There are apparently 2,563 on-demand audiovisual services established in the European Union. Of these, 932 are described as catch-up television or promotional web services for broadcasters, while 408 are broadcaster-branded channels on open platforms like YouTube or Dailymotion, and there are 385 services dealing exclusively with films. 45 services specialise in ‘adult’ material, which if anything seems like an underestimate.
The latest numbers, derived from the MAVISE database at the end of 2014, are published in a report on the development of the European market for on-demand audiovisual services by the European Audiovisual Observatory.
The United Kingdom leads the field, with 515 on-demand services, including 198 catch-up television or promotional web services, followed by France with over 412 and Germany with 274.
Our analysis of the MAVISE online database shows 45 catch-up television services based in the United Kingdom, ranging from All 4 from Channel 4, to Yesterday from UKTV.
There appear to be 114 catch-up television services registered by ATVOD, the Authority for Television On Demand, which regulates such services in the United Kingdom. This includes various versions aimed at particular territories or languages, including 20 variants of National Geographic Channel Videos.
While there is a vast range of services available in Europe, the report highlights that among 50 leading media groups the audiovisual revenues of those based in the United States rose significantly between 2009 and 2013 while it fell among those based in Europe.
Although traditional media groups are very active in online and on-demand audiovisual markets, the report suggests that the emergence of online groups based in the United States is one of the most notable trends. It estimates that the global audiovisual turnover of the Apple iTunes, Amazon, YouTube and Netflix businesses increased from $13.87 billion in 2009 to $39.06 billion in 2013.
A key concern for the European Commission is whether the increased availability of services delivered over the open internet will benefit global corporations at the expense of European media organisations.
The report provides a range of data in relation to on-demand audiovisual services in Europe, supplemented by summaries of statistics from research firms.

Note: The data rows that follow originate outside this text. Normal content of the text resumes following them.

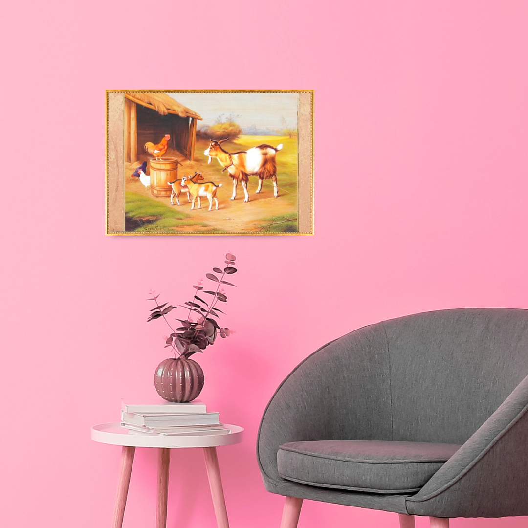 In 'Bearded Wanderers', Jaggu Prasad paints an affectionate glimpse of pastoral life, a family of goats and a few barnyard companions gathered outside a humble shed. The golden light glances softly across their coats, revealing every texture — from the coarse fur of the adults to the downy softness of the kids. Prasad’s brush captures their curiosity and calm with the same quiet reverence he gives to his wild subjects, blurring the line between domestic and untamed grace. The setting, a sun-warmed countryside shelter, punctuated by gentle earthy tones, reflects a simple rhythm of coexistence. It is a tender moment, translated through the discipline of miniature realism.
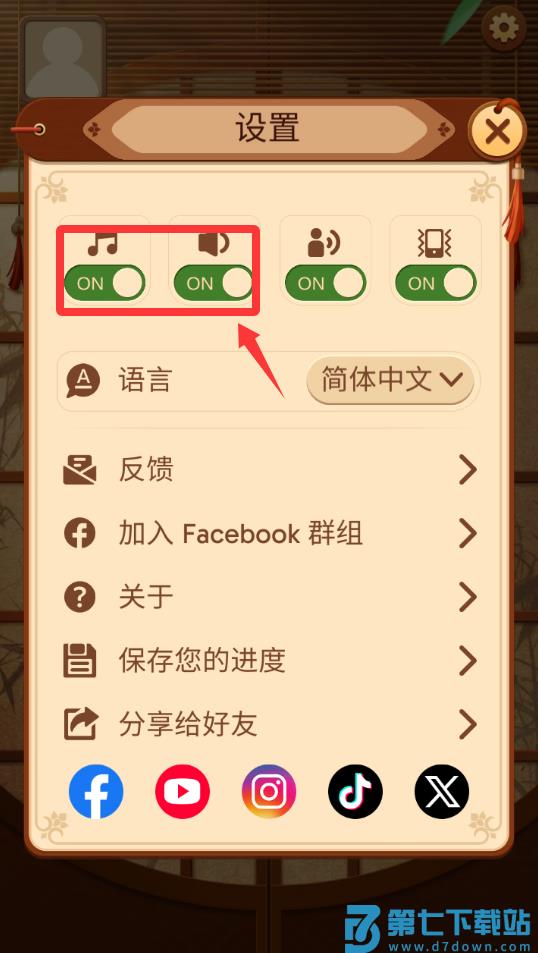 1、进入游戏点击设置把声音打开来体验游戏。
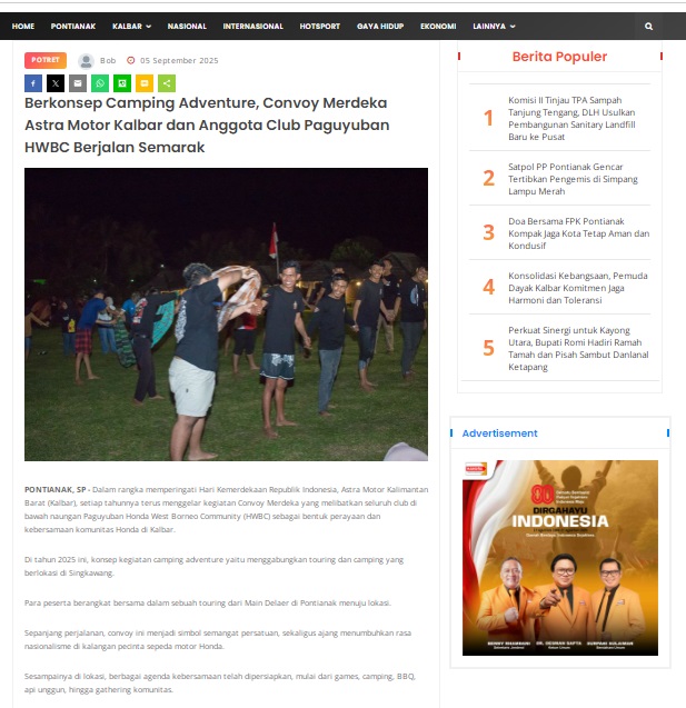 Berkonsep Camping Adventure, Convoy Merdeka Astra Motor Kalbar dan Anggota Club Paguyuban HWBC Berjalan Semarak by masmul 5 September 2025 in Silahkan kunjungi https://www.suarapemredkalbar.com/read/potret/05092025/berkonsep-camping-adventure-convoy-merdeka-astra-motor-kalbar-dan-anggota-club-paguyuban-hwbc-berjalan-semarak. You Might Like Regional Public Launching New ADV160 The SUV Pride Grand Launching New PCX 160 Truly Exceptional! Tetap hati-hati ya bro sist berkendara saat hujan.
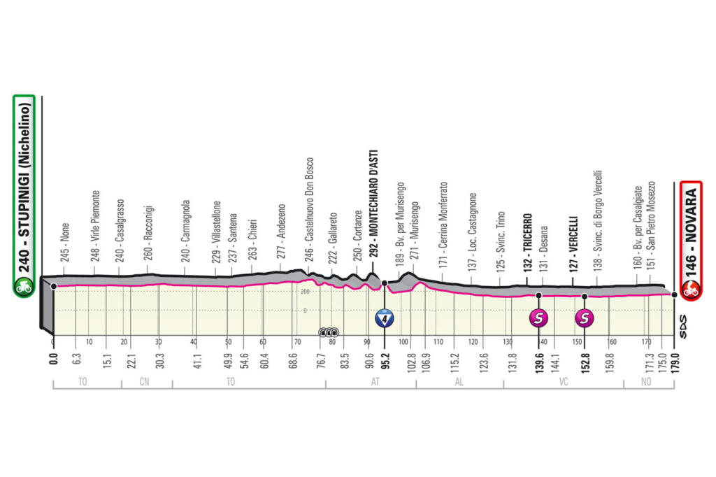 Frazione completamente pianeggiante con alcune ondulazioni nella parte centrale che non dovrebbero creare alcun problema al gruppo. Si partirà dell’hinterland torinese fino a raggiungere l’Astigiano dove i ciclisti affronteranno l’unico GPM della giornata, una salita di quarta categoria a Montechiaro d’Asti.
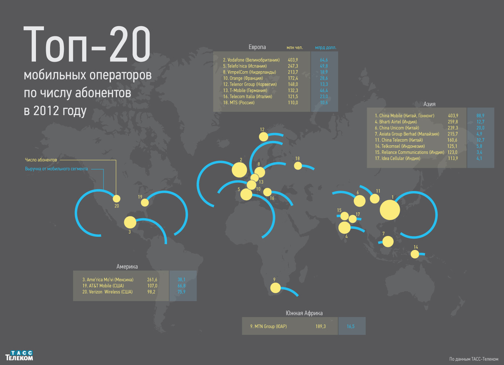 Представляем 20 крупнейших мобильных операторов мира по абонентской базе в 2012 г. по версии рейтинга ТАСС-Телеком
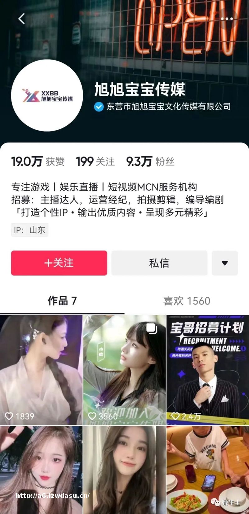 目前该公司在**的账号旭旭宝宝**拥有9.3万粉丝,公司介绍称:专注游戏、****、短视频MCN服务机构。
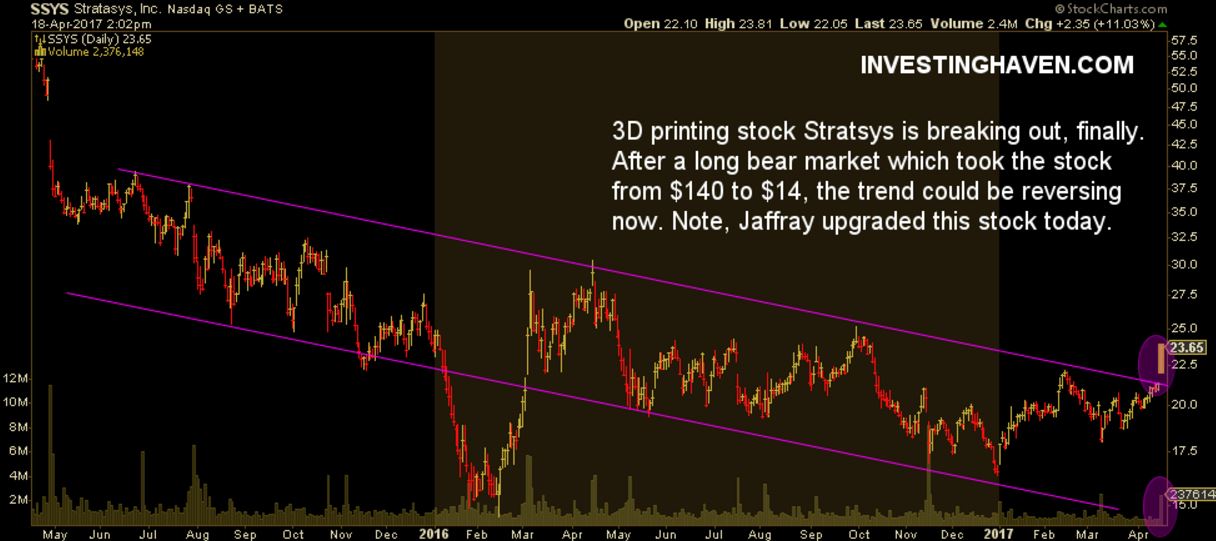 The breakout in Stratasys is visible both on the daily and weekly chart.
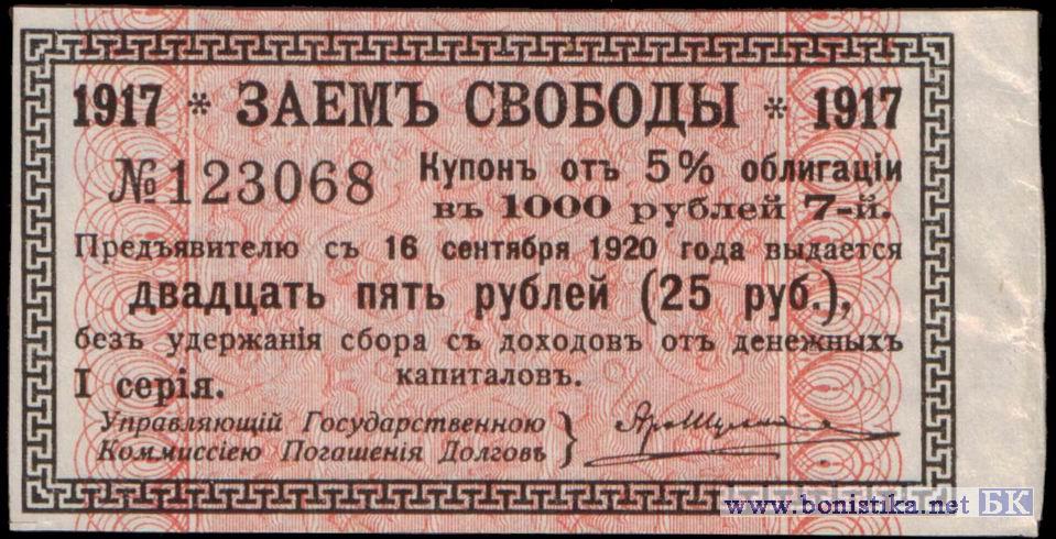 7-й купон от облигации Займа Свободы номиналом 1000 рублей.
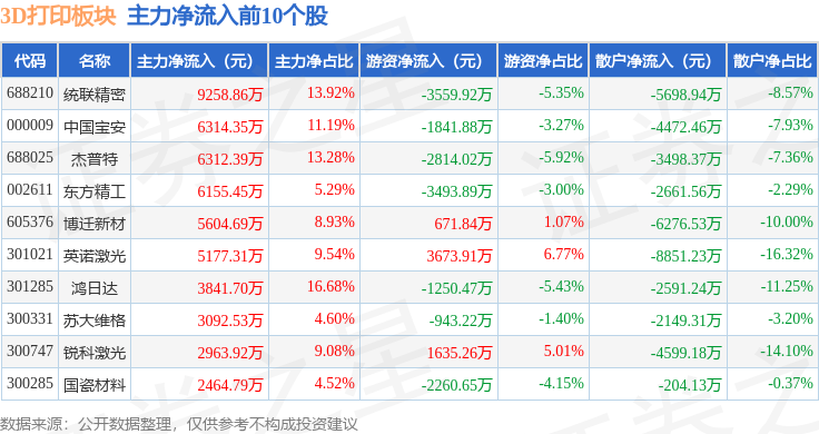 从资金流向上来看,当日3D打印板块主力资金净流出7.47亿元,游资资金净流入1.63亿元,散户资金净流入5.85亿元。3D打印板块个股资金流向见下表:

Unfortunately some of the viewing data is redacted in the public version of the report for copyright reasons.
Nevertheless, the report provides a valuable overview of an incredibly complex and fragmented field, albeit in rather raw form with little synthesis.
Among other things, the report covers recent developments in the subscription video-on-demand market, the proportion and prominence of European works in the catalogues of services, the role of providers of video-on-demand services and distribution platforms in the financing of audiovisual production, and the problems of measuring fragmented audiovisual audiences.
The development of the European market for on-demand audiovisual services report is available for download from the Europa web site.